Summary: There are many ways, apart from ownership %, that founders slowly lose control of their companies. Some of the more obvious ones get spelled out in term sheets, but professional players in startup ecosystems know how to use more subtle mechanisms to erode founder control.
Seasoned founders and startup lawyers know that there are really two things that matter most in negotiating a term sheet: ownership and control. In other words, from the perspective of a founder, (1) what % of the Company will I own after the deal closes (and, more specifically, what % of exit proceeds do I get), and (2) whose permission is needed to make key decisions? Of the “control” terms, there are explicit ones, like protective provisions, that competent founders know to focus on. But there are more subtle aspects, like the composition of the Company’s advisors, and even who the Company’s lawyers are, that when ignored can significantly erode the ability of founders to control their companies; particularly in high-stakes situations when there’s significant internal disagreement.
The More Obvious Forms of Control
- Voting Thresholds and Protective Covenants – These are typically spelled out in stockholder agreements and organizational documents. There are 1,000 ways to draft them, but they basically boil down to: you can’t do X without getting approval from stockholders holding Y% of the Company’s overall capitalization, or a specific % of various classes of stock.
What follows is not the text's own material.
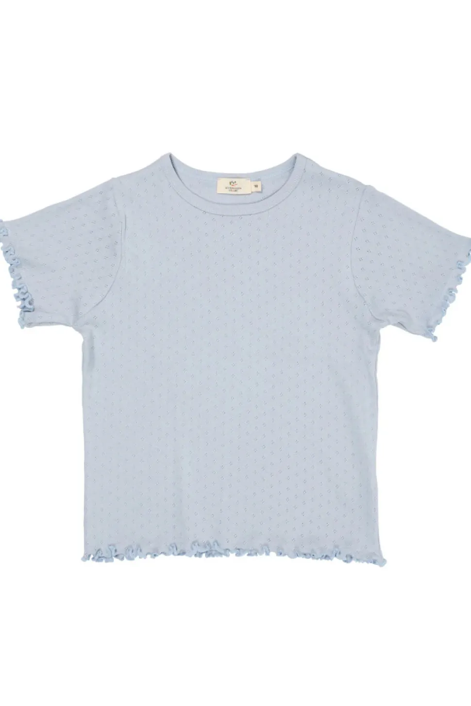 Sommer pointelle t-Shirt – Let og Lækker sommerkomfort. Denne t-shirt er lavet af et let og åndbart materiale, ideel til varme sommerdage. 100% økologisk bomuld.

- The Board of Directors – Who is on the Board, and who has the ability to elect/remove people on the Board? The Board is the core governing body of the Company, which means nothing serious happens without their approval. In a 5-person board, whether founders (common stockholders) elect 3 directors or 2 dramatically alters the power dynamics of a startup.
The Often Overlooked, But Important Control Mechanisms
While voting power and board composition are definitely the most important issues, I always advise founders that maintaining control/influence over the companies they started is much more nuanced than what gets spelled out in a term sheet.
How “Independent” is Your Independent Director?
It’s very common for VC-backed boards to have an “independent” director – usually an industry expert that gets elected by both the common stock (founders) and preferred stock (investors). However, it’s also fairly common for VCs to suggest that the “independent” director come from their own network of executives. In judging whether their VCs recommended “independent” is the right person, founders should absolutely include the loyalty of that director to the VCs in the calculus. He’s in their network, and knows that keeping them happy will mean more influential board appointments in the future. If a founder CEO is well-informed and connected in her startup’s own market, she likely has her own ideas for more independent directors. Put them on the table for discussion.
Board Observers – Who is at the Board Meeting?
Investors often will ask, in addition to a Board seat, for one or two board “observer” positions; meaning, at a high-level, non-voting people who can nevertheless attend board meetings and (usually) engage in discussion with the board. The presence of board observers matters and absolutely will influence discussion on board-level issues, even if they ultimately can’t vote. Don’t hand them out without understanding how they alter a founder’s influence at meetings.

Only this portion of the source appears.